[EXERCISE INPUT Boundary: Start]

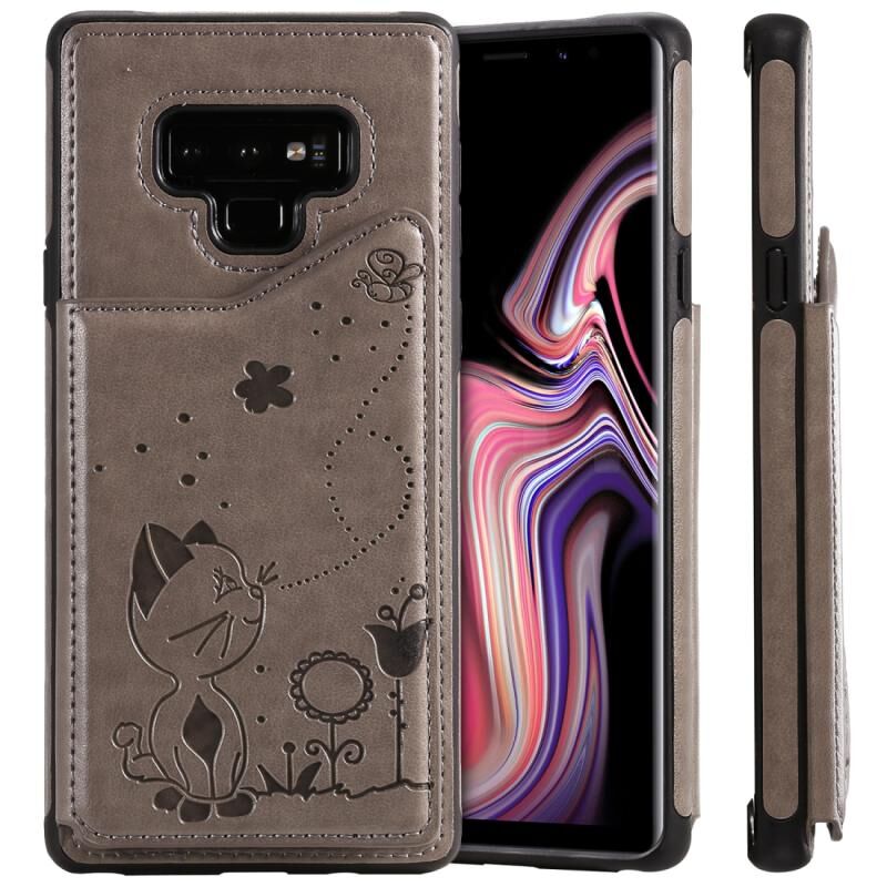 Θήκη προστασίας με ανάγλυφο σχέδιο μέλισσας για Galaxy Note9, ανθεκτική σε κρούσεις, με θήκες για κάρτες & κορνίζα φωτογραφιών (Γκρι)
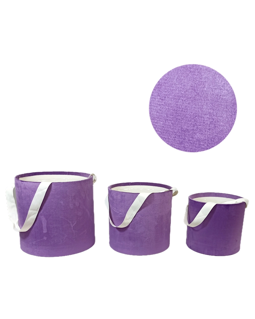 Коробка шляпная (бархат), D22xH23,5 см - D16xH17,5 см, набор (3 шт), с вставкой, без крышки Сиреневый
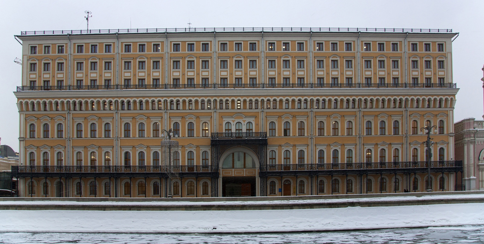 Esta es la fachada trasera del Museo estatal de Historia, situada en la plaza de Menége. En frente el Monumento al mariscal Zhúkov
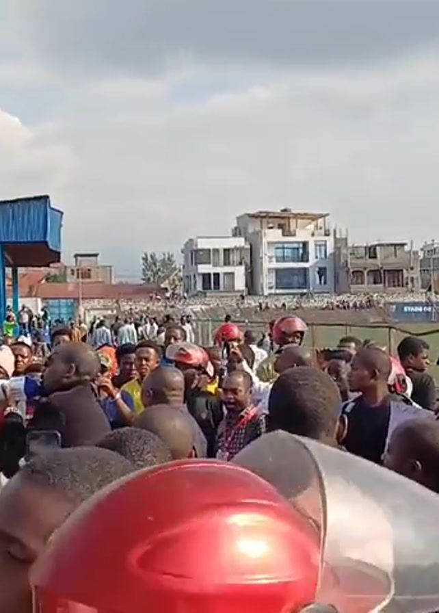 A large crowd of people stand closely packed together, many holding up phones and cameras to record the scene. The crowd is diverse, with a mix of ages and clothing styles. Some people are wearing helmets, and others are holding babies. Behind the crowd, there is a covered seating area and buildings in the distance. The sky is partly cloudy. The crowd seems excited, as evidenced by their cheering.
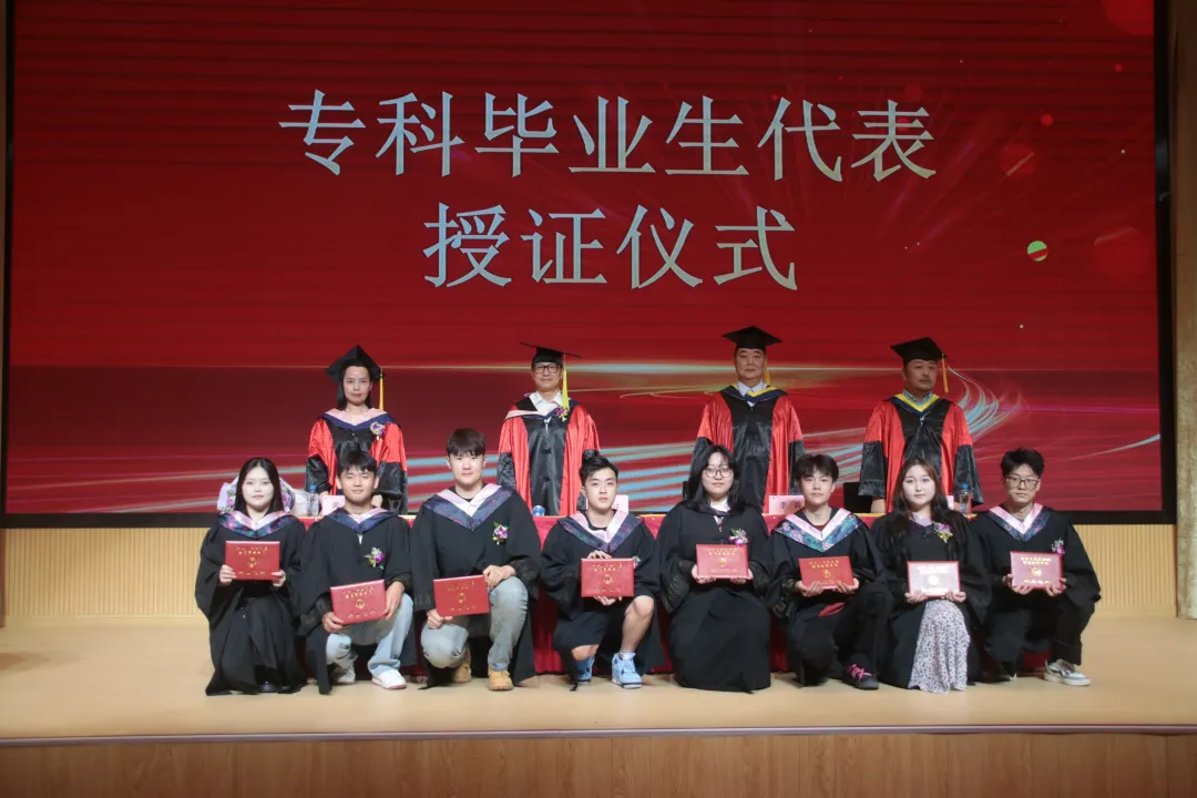 学校领导为毕业生代表颁发毕业证书。毕业生们端举毕业证书,意气风发、笑容灿烂,享受属于自己的庄严神圣时刻。

[EXERCISE INPUT Boundary: End]

REQUIRED ACTION:
Give back every record exactly. Omit the pictures.

TASK SOLUTION:
 Θήκη προστασίας με ανάγλυφο σχέδιο μέλισσας για Galaxy Note9, ανθεκτική σε κρούσεις, με θήκες για κάρτες & κορνίζα φωτογραφιών (Γκρι)
 Коробка шляпная (бархат), D22xH23,5 см - D16xH17,5 см, набор (3 шт), с вставкой, без крышки Сиреневый
 Esta es la fachada trasera del Museo estatal de Historia, situada en la plaza de Menége. En frente el Monumento al mariscal Zhúkov
 A large crowd of people stand closely packed together, many holding up phones and cameras to record the scene. The crowd is diverse, with a mix of ages and clothing styles. Some people are wearing helmets, and others are holding babies. Behind the crowd, there is a covered seating area and buildings in the distance. The sky is partly cloudy. The crowd seems excited, as evidenced by their cheering.
 学校领导为毕业生代表颁发毕业证书。毕业生们端举毕业证书,意气风发、笑容灿烂,享受属于自己的庄严神圣时刻。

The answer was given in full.